Stored items from a collection:

------------------------

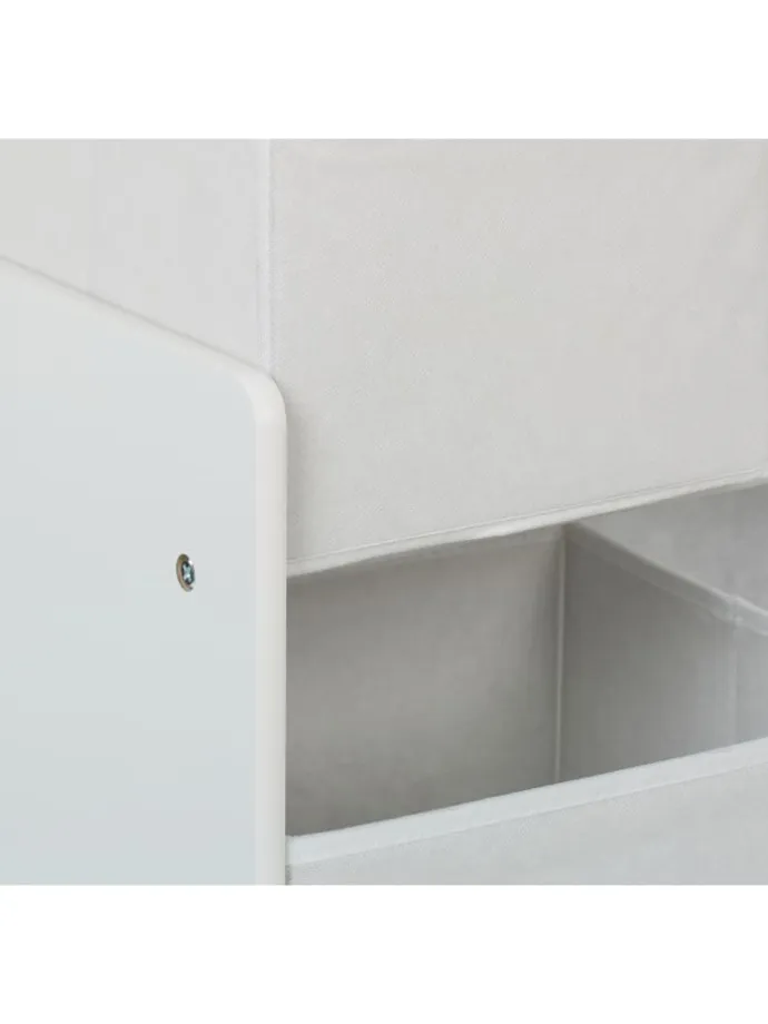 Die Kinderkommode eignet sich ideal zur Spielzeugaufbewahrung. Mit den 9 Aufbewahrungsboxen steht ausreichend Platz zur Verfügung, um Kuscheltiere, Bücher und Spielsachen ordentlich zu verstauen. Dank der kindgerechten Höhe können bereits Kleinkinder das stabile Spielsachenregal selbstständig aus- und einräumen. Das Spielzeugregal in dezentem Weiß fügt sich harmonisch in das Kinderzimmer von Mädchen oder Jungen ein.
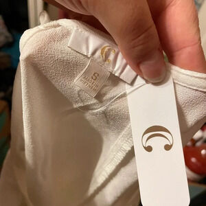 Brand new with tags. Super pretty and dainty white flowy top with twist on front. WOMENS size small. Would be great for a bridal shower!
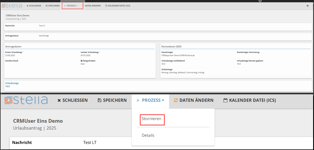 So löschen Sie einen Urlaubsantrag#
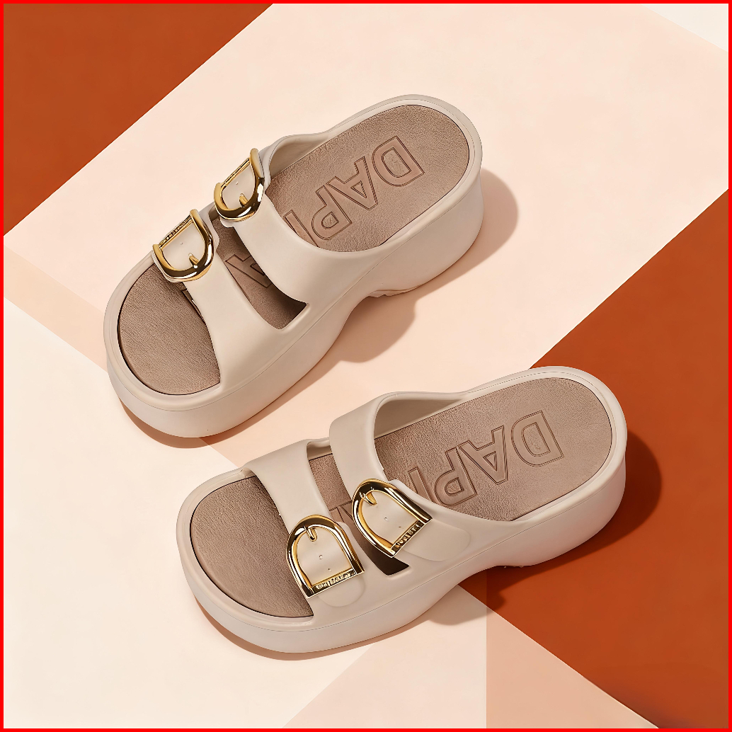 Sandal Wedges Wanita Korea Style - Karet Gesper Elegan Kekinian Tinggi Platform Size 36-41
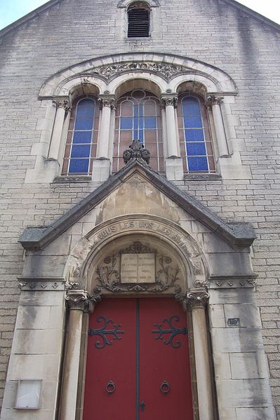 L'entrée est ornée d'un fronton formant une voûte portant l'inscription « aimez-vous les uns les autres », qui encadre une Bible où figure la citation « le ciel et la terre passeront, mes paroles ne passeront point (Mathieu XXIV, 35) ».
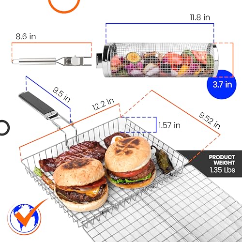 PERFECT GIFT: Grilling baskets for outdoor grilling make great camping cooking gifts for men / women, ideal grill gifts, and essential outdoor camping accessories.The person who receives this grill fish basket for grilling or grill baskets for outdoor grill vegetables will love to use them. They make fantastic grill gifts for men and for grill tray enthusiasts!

------------------------

Word for word, restate the lines from the line containing "Sandal Wedges Wanita" through the end of the data, including the first and last of them. Pictures stay out.

EXERCISE ANSWER:
 Sandal Wedges Wanita Korea Style - Karet Gesper Elegan Kekinian Tinggi Platform Size 36-41
 L'entrée est ornée d'un fronton formant une voûte portant l'inscription « aimez-vous les uns les autres », qui encadre une Bible où figure la citation « le ciel et la terre passeront, mes paroles ne passeront point (Mathieu XXIV, 35) ».
 PERFECT GIFT: Grilling baskets for outdoor grilling make great camping cooking gifts for men / women, ideal grill gifts, and essential outdoor camping accessories.The person who receives this grill fish basket for grilling or grill baskets for outdoor grill vegetables will love to use them. They make fantastic grill gifts for men and for grill tray enthusiasts!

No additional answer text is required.